* _TASK OBJECTIVE_: Below are records with pictures in them. Output exactly the lines from the one with "فررتم ولم تلووا" through the one with "- Profesionální 4-spektrální", both included, and leave every picture out; give only those lines.

* _DATASET ENTRIES_:
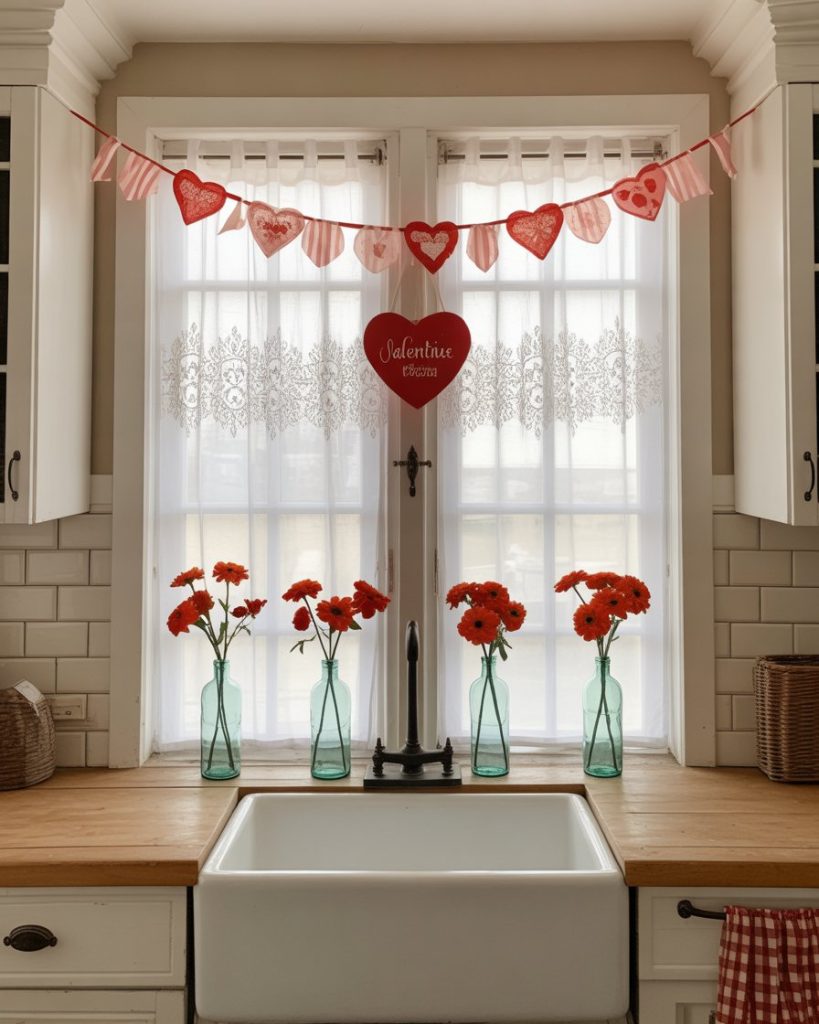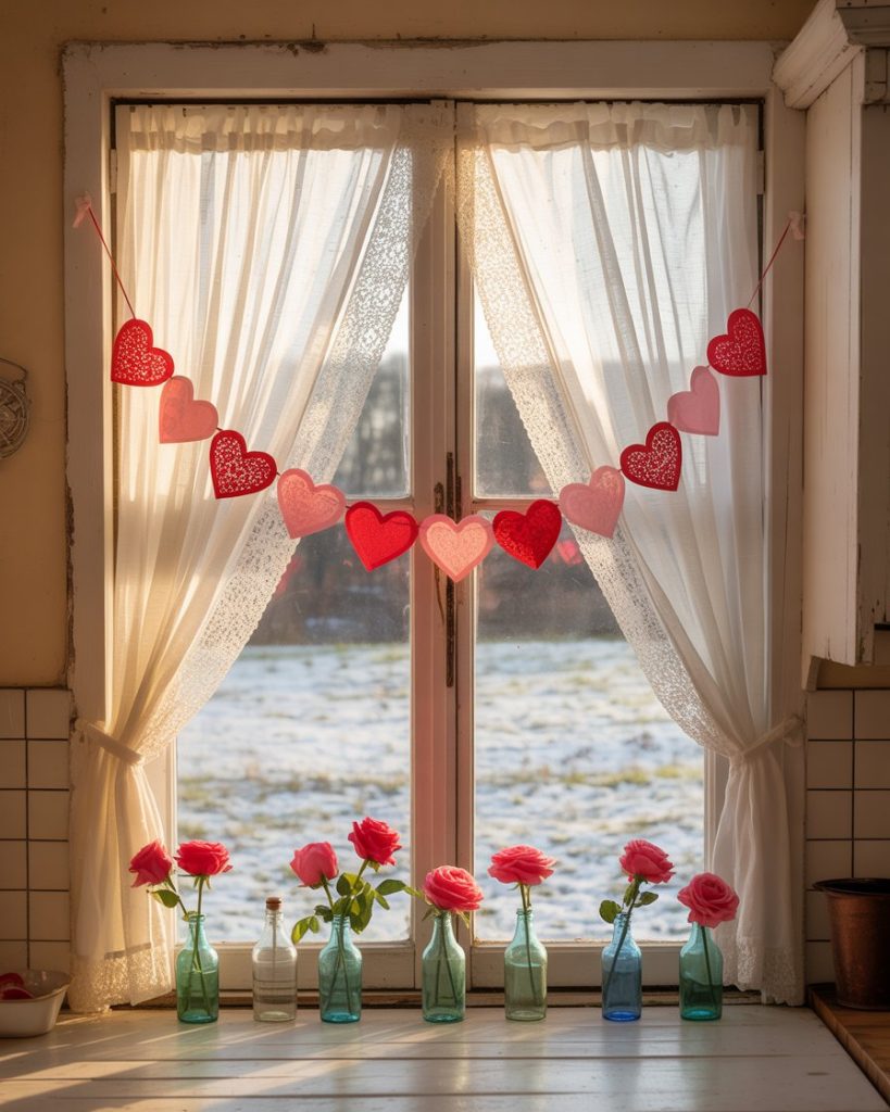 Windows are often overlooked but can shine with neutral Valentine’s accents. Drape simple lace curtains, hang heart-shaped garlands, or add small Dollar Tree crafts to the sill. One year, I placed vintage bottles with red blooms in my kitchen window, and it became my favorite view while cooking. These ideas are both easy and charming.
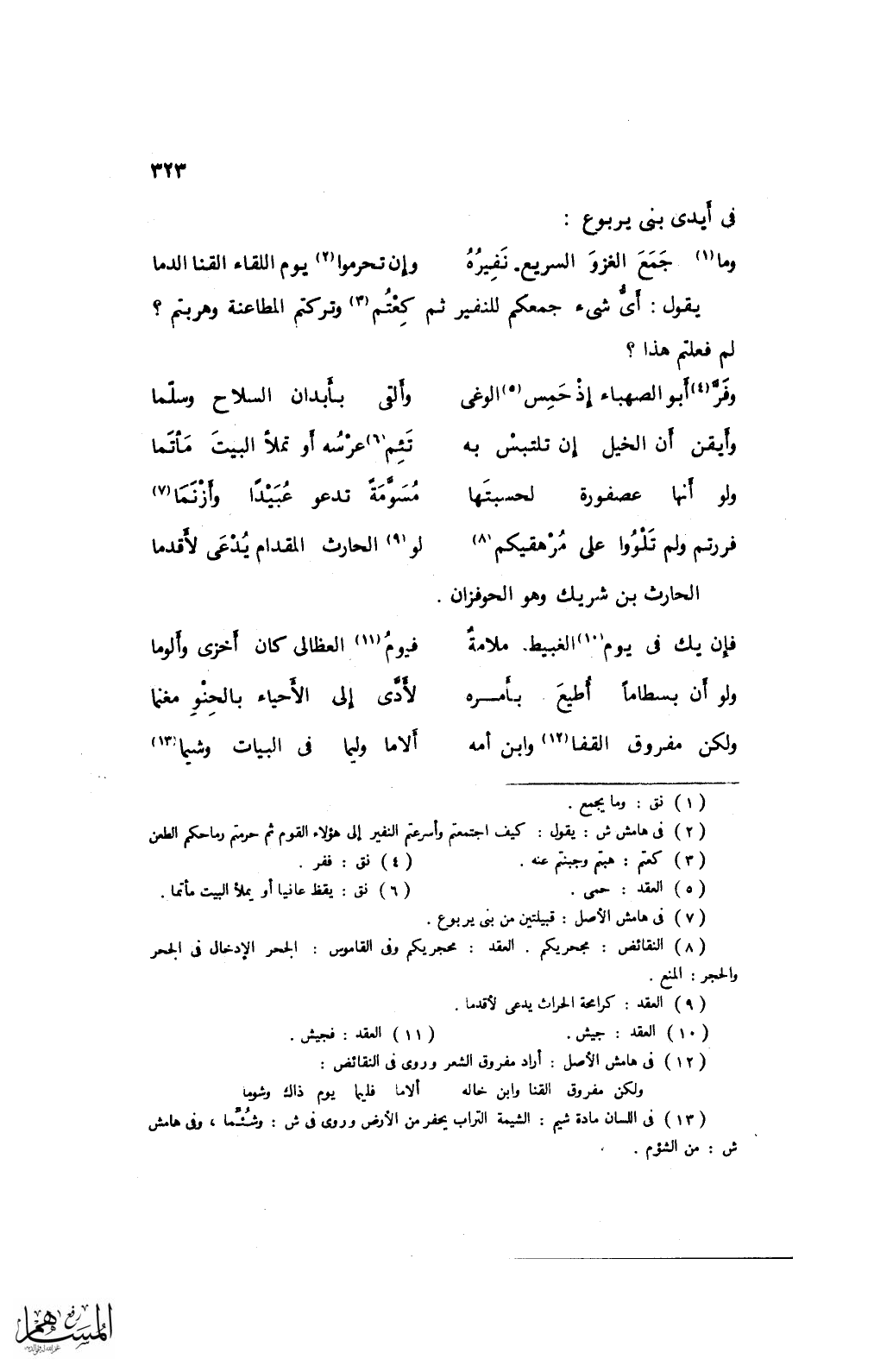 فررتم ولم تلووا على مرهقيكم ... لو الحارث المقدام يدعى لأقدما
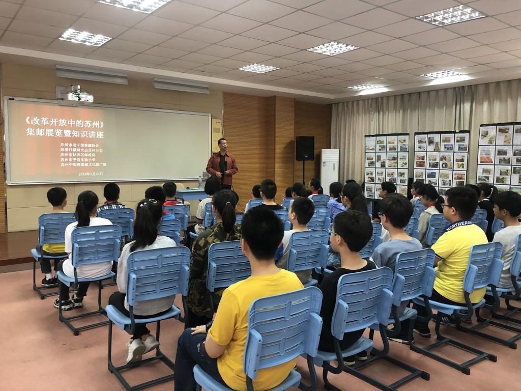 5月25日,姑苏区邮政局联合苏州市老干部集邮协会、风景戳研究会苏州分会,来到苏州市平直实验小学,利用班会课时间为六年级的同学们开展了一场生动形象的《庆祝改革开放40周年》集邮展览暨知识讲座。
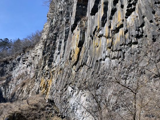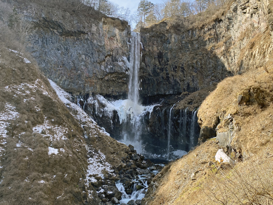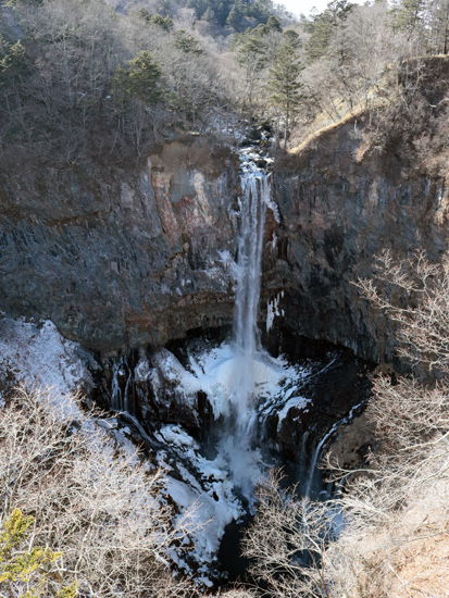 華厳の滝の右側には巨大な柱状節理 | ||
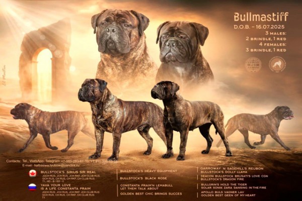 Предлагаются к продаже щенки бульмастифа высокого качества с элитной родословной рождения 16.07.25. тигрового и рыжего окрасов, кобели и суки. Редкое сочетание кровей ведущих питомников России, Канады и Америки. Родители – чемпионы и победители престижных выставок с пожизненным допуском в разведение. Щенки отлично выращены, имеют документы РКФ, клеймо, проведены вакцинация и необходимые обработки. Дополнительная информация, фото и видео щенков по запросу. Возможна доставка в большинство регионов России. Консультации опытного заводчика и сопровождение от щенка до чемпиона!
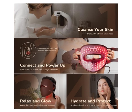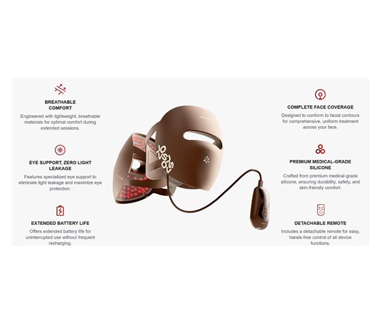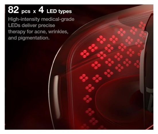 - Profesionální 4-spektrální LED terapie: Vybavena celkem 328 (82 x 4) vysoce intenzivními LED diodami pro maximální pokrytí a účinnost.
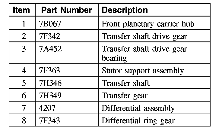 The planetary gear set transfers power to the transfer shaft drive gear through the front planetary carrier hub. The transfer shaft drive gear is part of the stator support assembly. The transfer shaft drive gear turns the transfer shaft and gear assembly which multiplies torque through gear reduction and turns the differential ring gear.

* * *

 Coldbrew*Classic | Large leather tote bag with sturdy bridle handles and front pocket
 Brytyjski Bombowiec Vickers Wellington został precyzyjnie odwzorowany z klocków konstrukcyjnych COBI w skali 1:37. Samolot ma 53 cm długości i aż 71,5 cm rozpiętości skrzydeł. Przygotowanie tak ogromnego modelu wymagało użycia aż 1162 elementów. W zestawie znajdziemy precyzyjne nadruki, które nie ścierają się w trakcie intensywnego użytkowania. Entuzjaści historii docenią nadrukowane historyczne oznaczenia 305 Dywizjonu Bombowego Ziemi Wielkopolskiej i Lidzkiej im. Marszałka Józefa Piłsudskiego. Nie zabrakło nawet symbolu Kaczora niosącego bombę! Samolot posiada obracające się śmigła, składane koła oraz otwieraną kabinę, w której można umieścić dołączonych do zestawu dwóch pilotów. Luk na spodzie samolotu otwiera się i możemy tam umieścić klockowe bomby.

* _RESULT OF THE EXERCISE_:
 فررتم ولم تلووا على مرهقيكم ... لو الحارث المقدام يدعى لأقدما
 5月25日,姑苏区邮政局联合苏州市老干部集邮协会、风景戳研究会苏州分会,来到苏州市平直实验小学,利用班会课时间为六年级的同学们开展了一场生动形象的《庆祝改革开放40周年》集邮展览暨知识讲座。
 華厳の滝の右側には巨大な柱状節理 | ||
 Предлагаются к продаже щенки бульмастифа высокого качества с элитной родословной рождения 16.07.25. тигрового и рыжего окрасов, кобели и суки. Редкое сочетание кровей ведущих питомников России, Канады и Америки. Родители – чемпионы и победители престижных выставок с пожизненным допуском в разведение. Щенки отлично выращены, имеют документы РКФ, клеймо, проведены вакцинация и необходимые обработки. Дополнительная информация, фото и видео щенков по запросу. Возможна доставка в большинство регионов России. Консультации опытного заводчика и сопровождение от щенка до чемпиона!
 - Profesionální 4-spektrální LED terapie: Vybavena celkem 328 (82 x 4) vysoce intenzivními LED diodami pro maximální pokrytí a účinnost.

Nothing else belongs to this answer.